Procrastination is the tendency to delay and avoid a task that needs to be completed in a timely manner. Everyone procrastinates and it is a normal phenomena, when faced with a task we don’t want to do, many of us will bargain with and put it off until a later date, setting it aside to complete when we feel less overwhelmed with all our responsibilities or when we feel we have the energy to take on the task.
However problems may occur if you find you are putting off tasks again and again, and never getting them to ‘’later’’. This appears to be a common theme in people with ADHD for a variety of reasons. This article discusses why people with ADHD may procrastinate and the impact it can have on their day to day life.
The Relationship between ADHD and Procrastination
ADHD is a neurodevelopmental disorder that leads to symptoms of inattention, impulsivity and hyperactivity.
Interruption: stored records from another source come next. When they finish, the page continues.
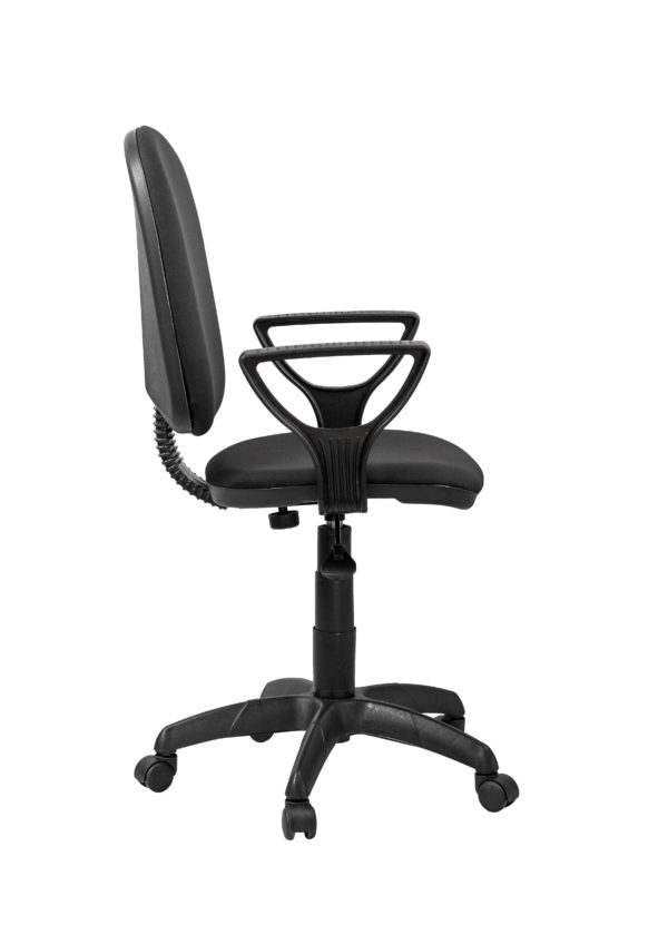 Высота подъема кресла от 40 см до 55 см, что позволяет удобно сидеть человеку любого роста.Сиденье мягкое, покрытое поролоном толщиной 30 мм, высота спинки 510 мм, ширина спинки 390 мм, ширина сиденья 470 мм и глубина сиденья 450 мм — обеспечивают надежную поддержку корпуса и удобное расположение в кресле. Имеются пластиковые подлокотники, наличие которых уменьшает боли и дискомфорт в плечах и шее.
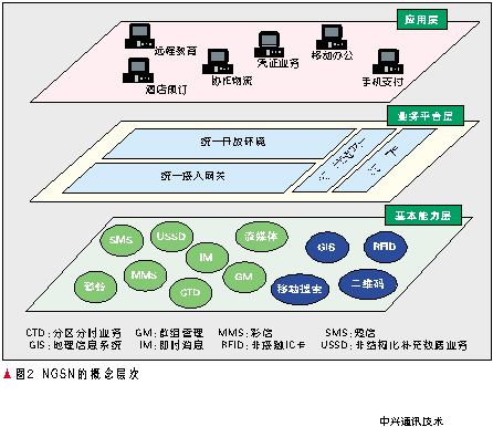 NGSN是為了適應(yīng)網(wǎng)絡(luò)和技術(shù)的融合趨勢(shì)、運(yùn)營(yíng)商轉(zhuǎn)型的需求提出的,通過(guò)整合各種網(wǎng)絡(luò)業(yè)務(wù)能力,實(shí)現(xiàn)數(shù)據(jù)、業(yè)務(wù)、能力和管理的統(tǒng)一,從而能夠快速提供各種增值業(yè)務(wù)、協(xié)助運(yùn)營(yíng)商在價(jià)值鏈中處于主導(dǎo)地位。其概念層次如圖2所示。
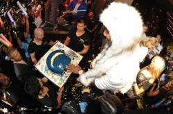 As the night moved into the early hours of the morning, the XS team surprised Phillips with an enormous cake shaped like his football helmet, surrounded by numerous bottles of Armand de Brignac “Ace of Spades” champagne as confetti dropped from the ceiling. It didn’t take long for him to dive in and take a huge bite before planting one of the bottles in the center and starting a cake fight with friends. The crowd went crazy as ponchos were passed out on the dance floor, with Phillips taking center stage under a red umbrella as Delgado led a shower of Champagne throughout the club.
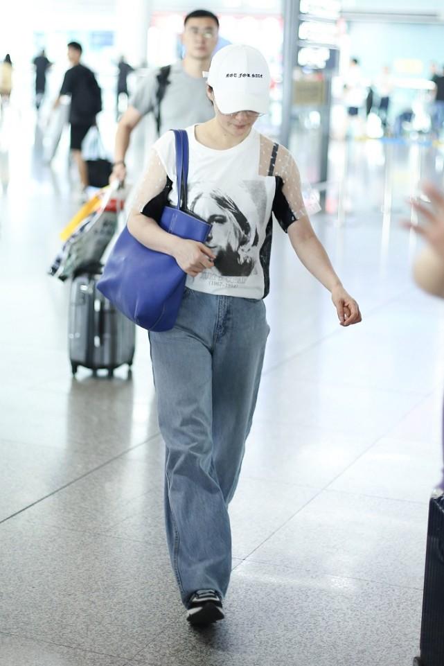 The hollow design of the sleeves of the white T-shirt increases the sense of design and instantly improves the sense of fashion. No matter how you pair it with wide-leg jeans, you will look younger. Jiang Qinqin The jeans you like can always visually reduce your age, so mature women can learn to wear them this way.
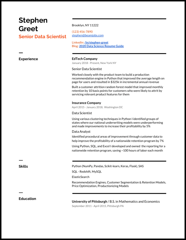 Guide the recruiter to the conclusion that you are the best candidate for the big data engineer job. 100 unique resume with our big data engineer resume example and guide for 2020.
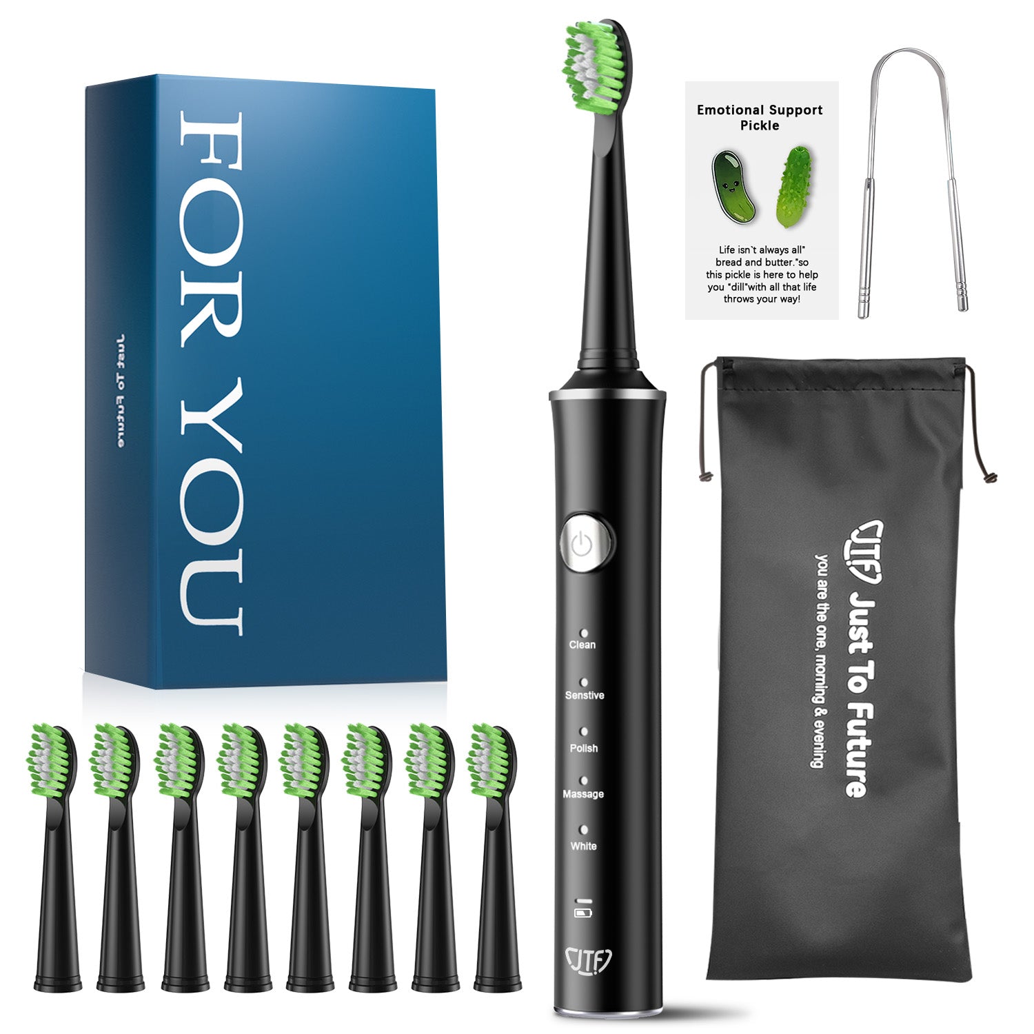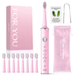 JTF Sonic Electric Toothbrush for Adults with Tongue Scraper, 5 Modes and 8 Brush Heads, Pink
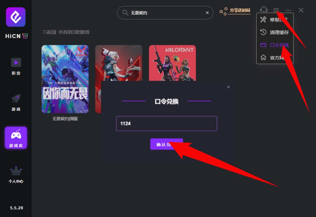 第二步:领取专属VIP 🎁 注册并登录账号后,找到【兑换码/口令】入口,输入专属福利口令: 👉 【1124】 确认后,免费VIP加速时长即刻到账!
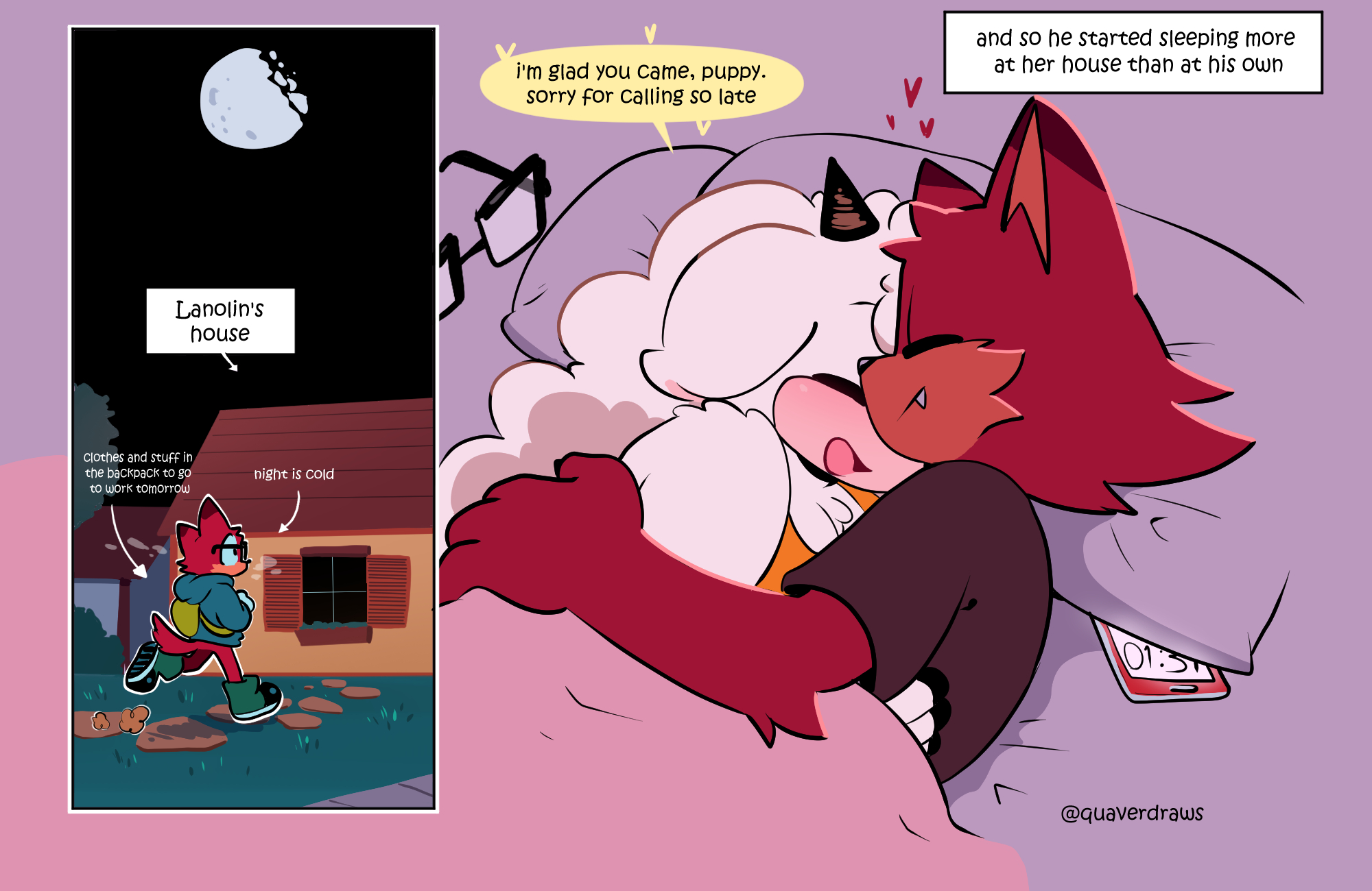 safe37615 artist:quaverdraws29 gadget the wolf248 lanolin the sheep179 sheep73 wolf442 20253748 alternate outfit1205 bag162 bed309 bedroom33 blanket60 carrying something9 clothes1736 comic773 dialogue2660 duo12431 english text4313 female6329 gadget x lanolin27 glasses435 heart3237 hoodie310 house24 lying down522 male6693 moon204 nighttime516 pants532 phone138 pillow158 running628 shipping9928 shirt755 sleeping429 speech bubble1484 straight1497
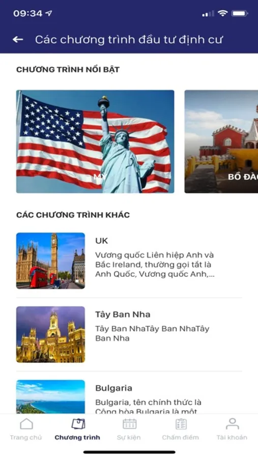 - Người dùng xem được chi tiết các chương trình đầu tư định cư tốt nhất trên thế giới
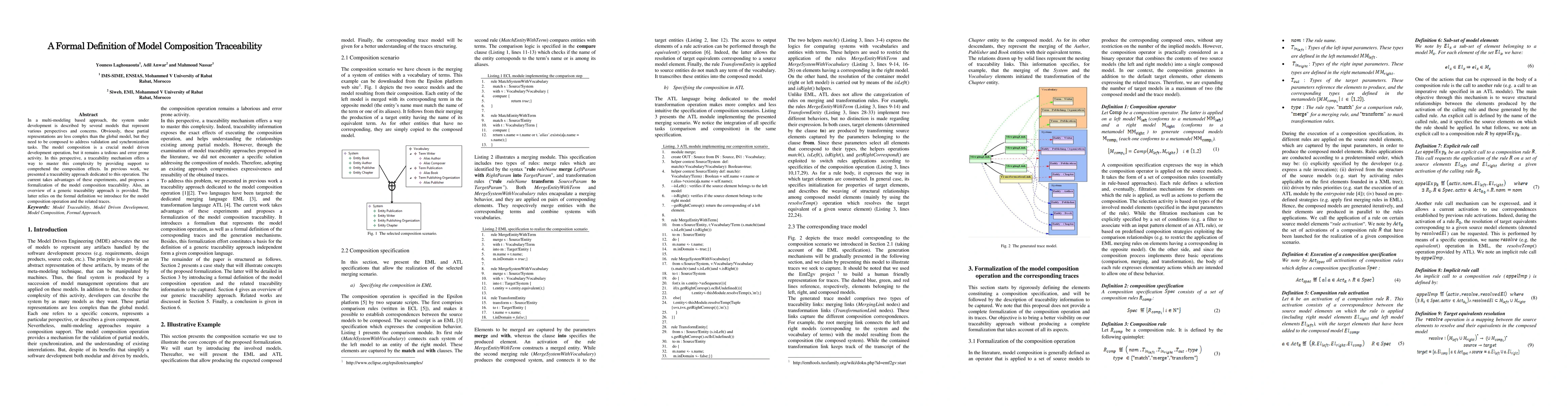 In a multi-modeling based approach, the system under development is described by several models that represent various perspectives and concerns. Obviously, these partial representations are less complex than the global model, but they need to be composed to address validation and synchronization tasks. The model composition is a crucial model driven development operation, but it remains a tedious and error prone activity. In this perspective, a traceability mechanism offers a way to master this complexity by providing support to comprehend the composition effects. In previous work, we presented a traceability approach dedicated to this operation. The current takes advantages of these experiments, and proposes a formalization of the model composition traceability. Also, an overview of a generic traceability approach is provided. The latter relies on the formal definition we introduce for the model composition operation and the related traces.

The condition is often diagnosed during childhood, however it is not uncommon for children to go undiagnosed and consequently untreated and continue to suffer with the consequences of poor attention and/or hyperactivity and impulsivity. Procrastination is the desire to engage in other activities and acting against your better judgment. It is when you do one thing when you know you should be doing something else, it is a lack of self-control, which prevents you from following through on what you set out to do.
Behavioural psychology research reveals a phenomenon called “time inconsistency”, which refers to the tendency of the human brain to value immediate rewards more highly than future rewards, immediate gratification rather than delayed gratification. Procrastination can be linked to impulsivity and inattention. Impulsivity leads to acting without thinking, and leads to impatience and wanting to do something immediately.
Executive function plays a key role that contributes to procrastination. Executive function is a set of skills that enable us to plan, focus attention, remember and juggle multiple tasks. The prefrontal cortex, or the rational thinking brain, is the key structure responsible for performing executive functions. For people with ADHD, the prefrontal cortex is unregulated, leading to poor decision making, poor problem solving and short term planning.
Factors Contributing to Procrastination in those with ADHD
There are a number of factors that lead to procrastination including disorganisation, getting distracted, forgetfulness, difficulty prioritising and poor time management. In addition, procrastination can result from experiencing frustration or dread on certain tasks, which you may begin to avoid such tasks to avoid the negative feelings.
You may decide to start a particular task and quickly becoming distracted by something else and so the original task become further delayed. Sustaining attention on a particular task can be troublesome in ADHD as the mind can begin to easily wonder or you may become distracted by your external environment. It can be difficult to stay alert and motivated particularly when the task is uninteresting or challenging.
Individuals with ADHD are stuck in the present with immediate gratification and have difficulty in thinking about future goals and rewards. The further away a potential reward, the less those with ADHD are motivated by it, and its not that they don’t understand it is good for them to act sooner rather than later, but they just have trouble motivating themselves for the delayed reward.